[Opening Excerpted data section]
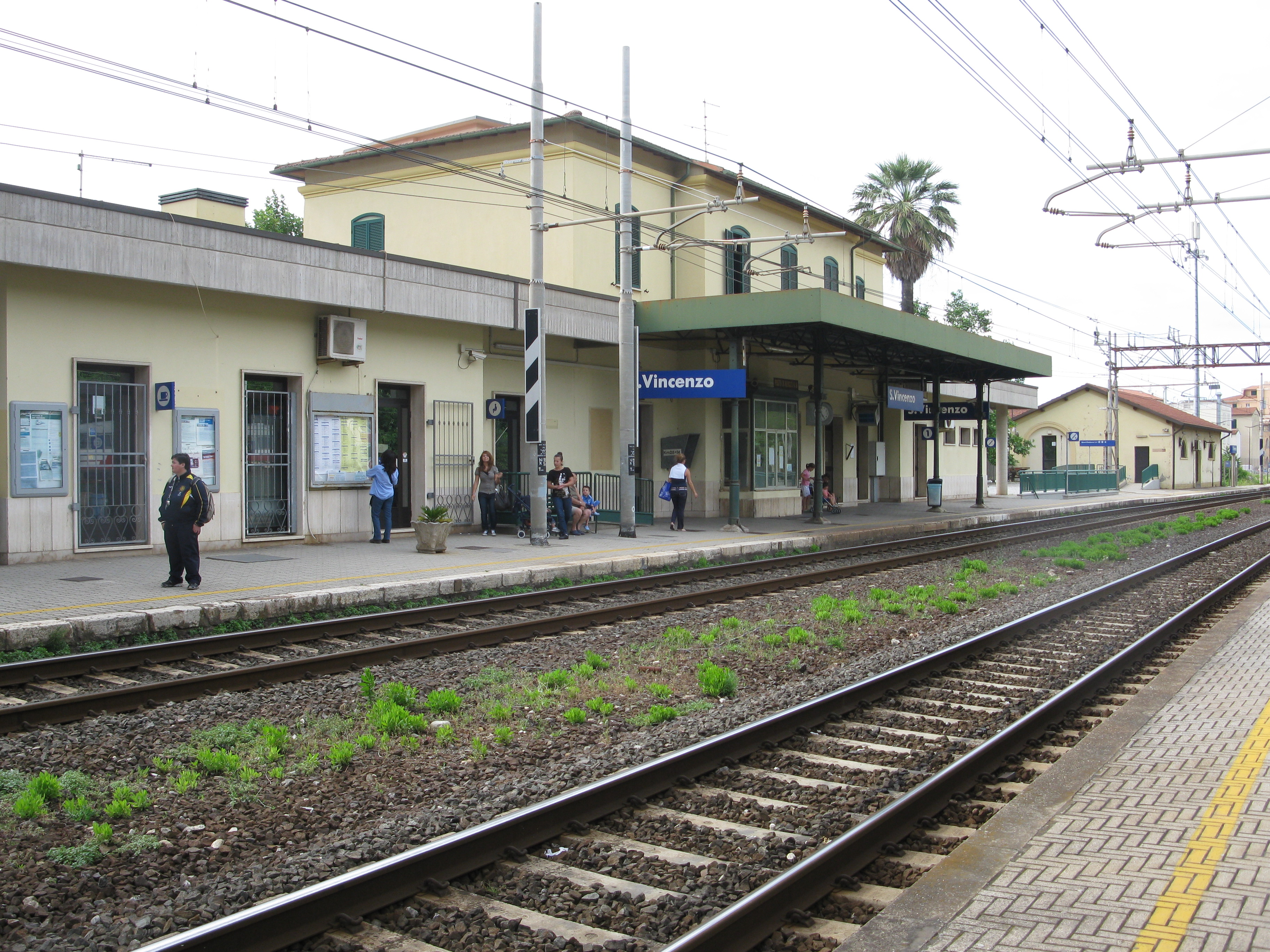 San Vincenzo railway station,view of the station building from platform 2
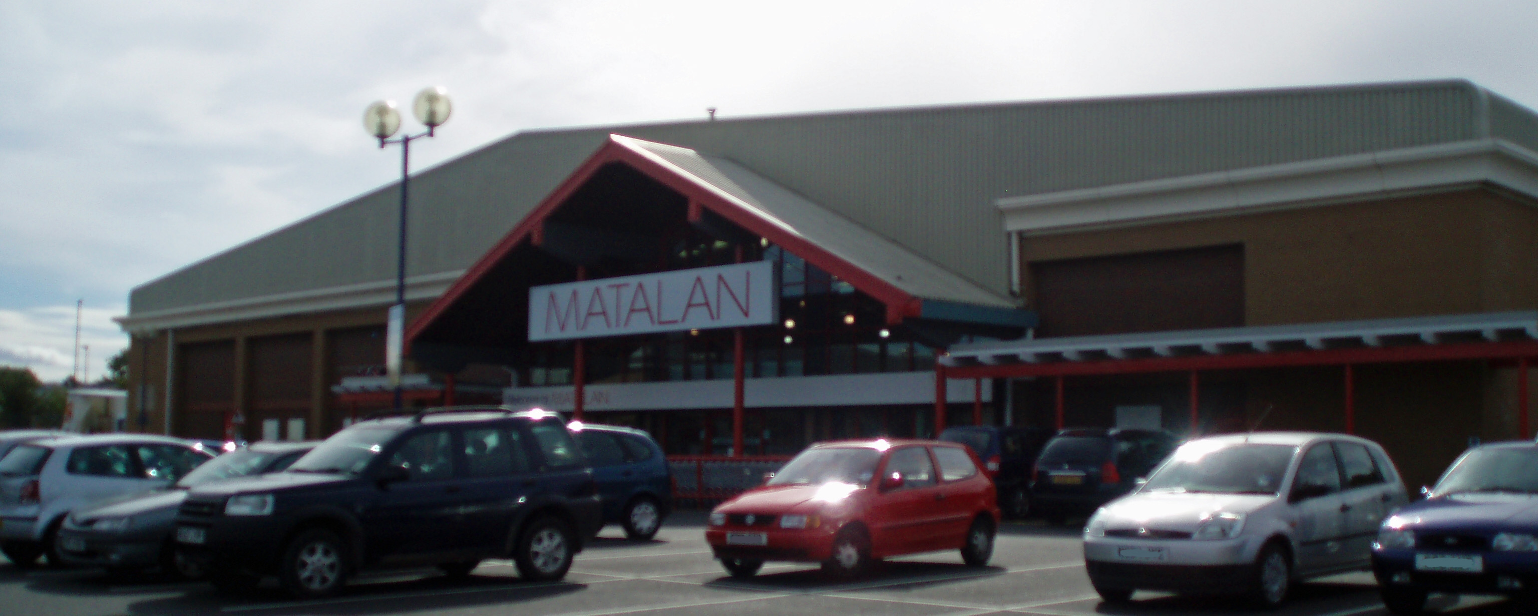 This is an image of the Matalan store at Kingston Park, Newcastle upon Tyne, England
[Closing Excerpted data section]
[Opening Excerpted data section]
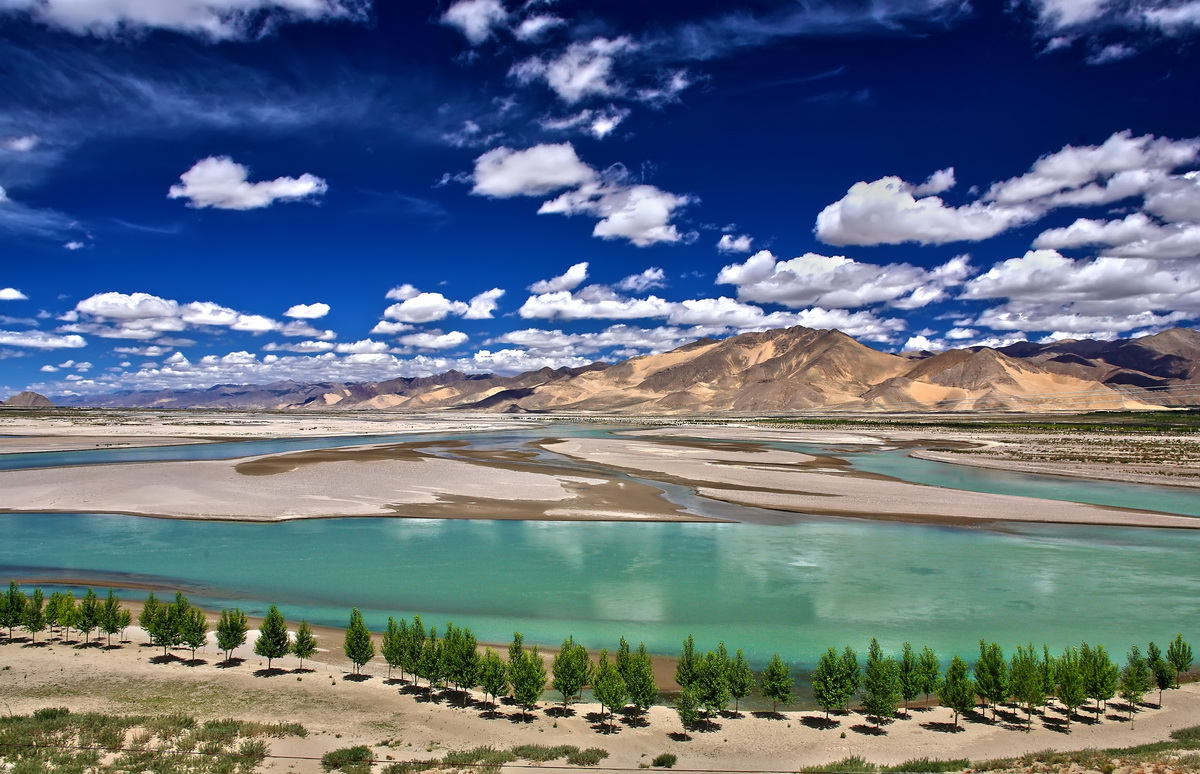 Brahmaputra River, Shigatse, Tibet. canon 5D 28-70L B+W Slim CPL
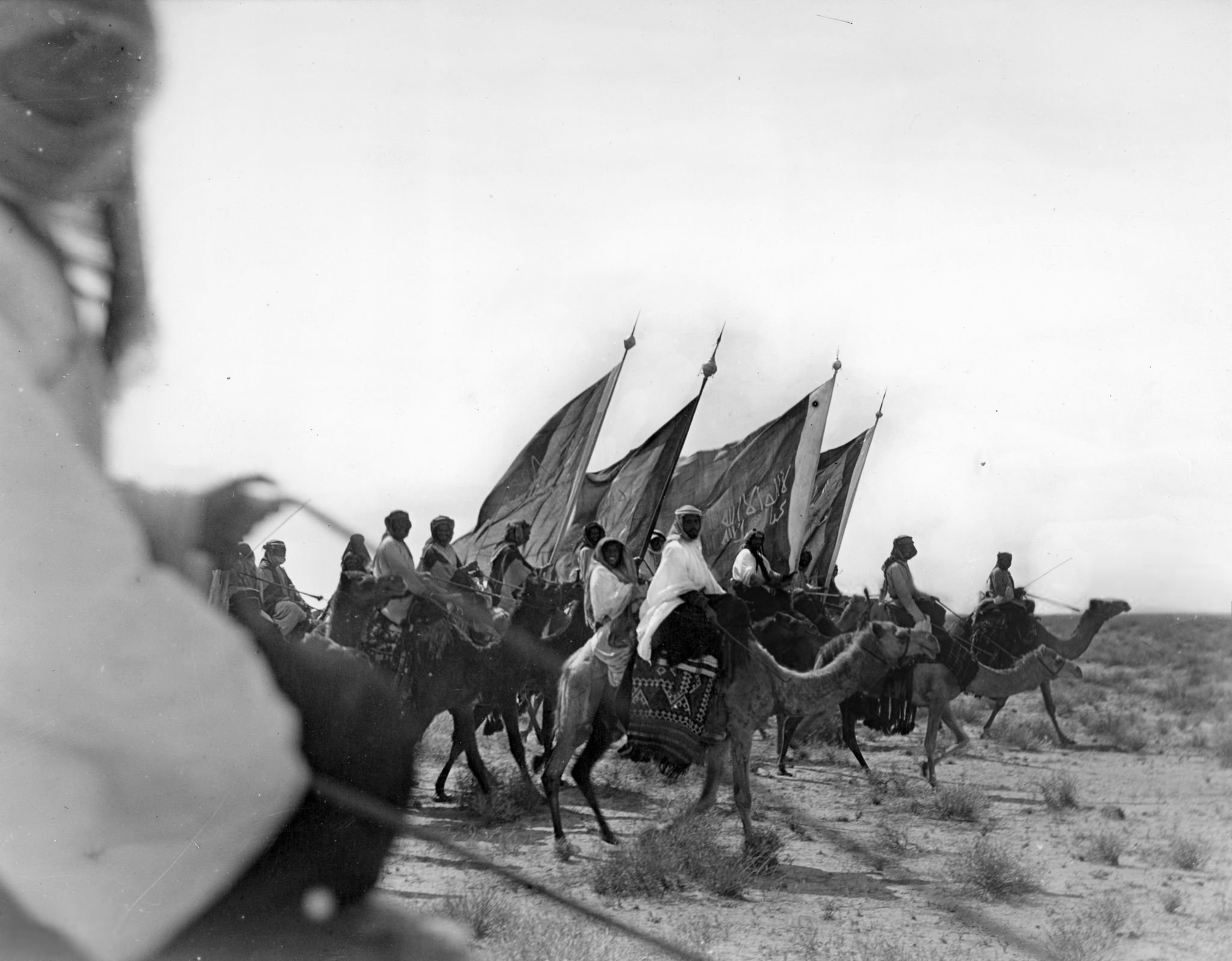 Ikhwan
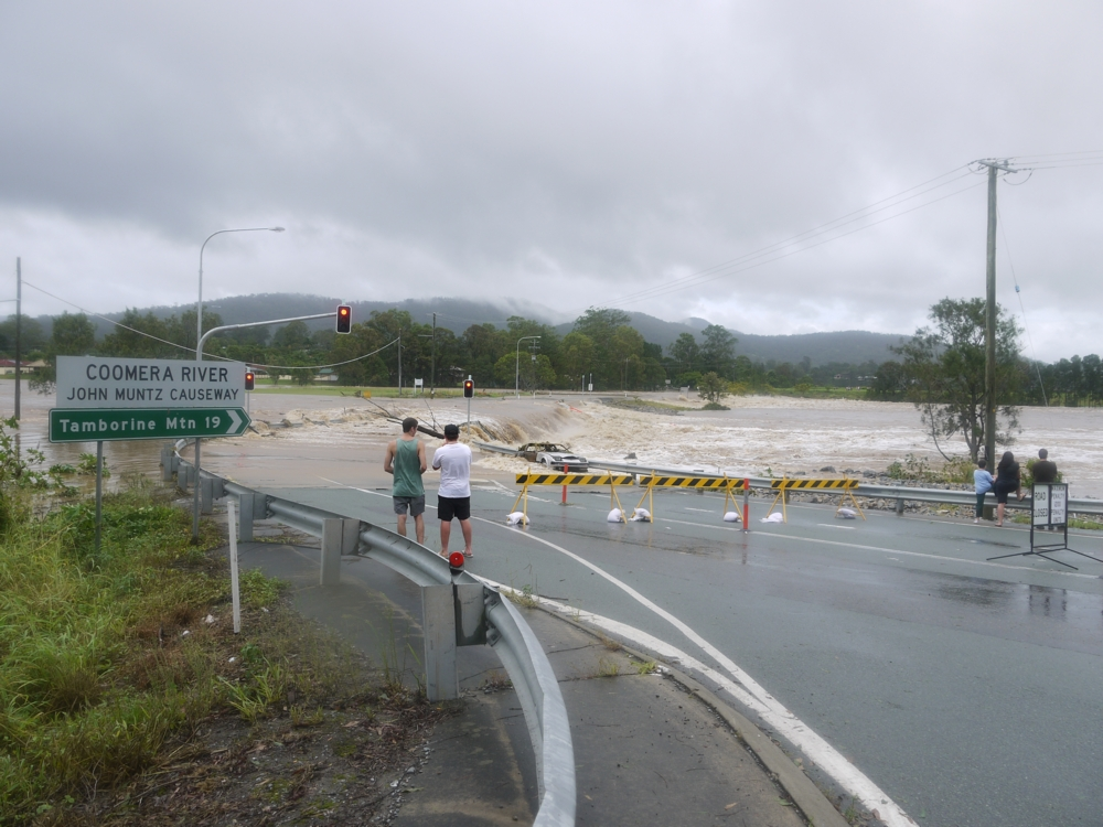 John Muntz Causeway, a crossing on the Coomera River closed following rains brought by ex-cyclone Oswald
[Closing Excerpted data section]
[Opening Excerpted data section]
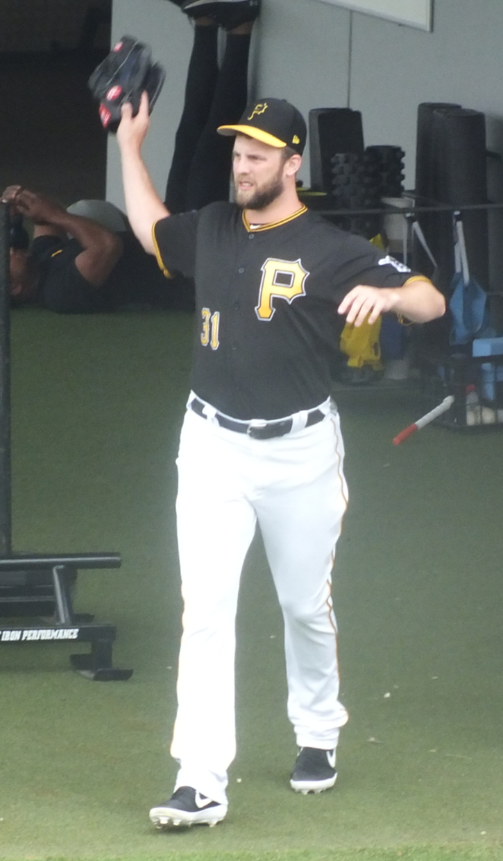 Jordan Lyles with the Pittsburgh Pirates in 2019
[Closing Excerpted data section]
-- How to complete this task --
Using the entries above, extract exactly the lines from the one that contains "Brahmaputra River, Shigatse, Tibet." through the one that contains "John Muntz Causeway, a". Do not carry over any pictures.

-- Task solution --
 Brahmaputra River, Shigatse, Tibet. canon 5D 28-70L B+W Slim CPL
 Ikhwan
 John Muntz Causeway, a crossing on the Coomera River closed following rains brought by ex-cyclone Oswald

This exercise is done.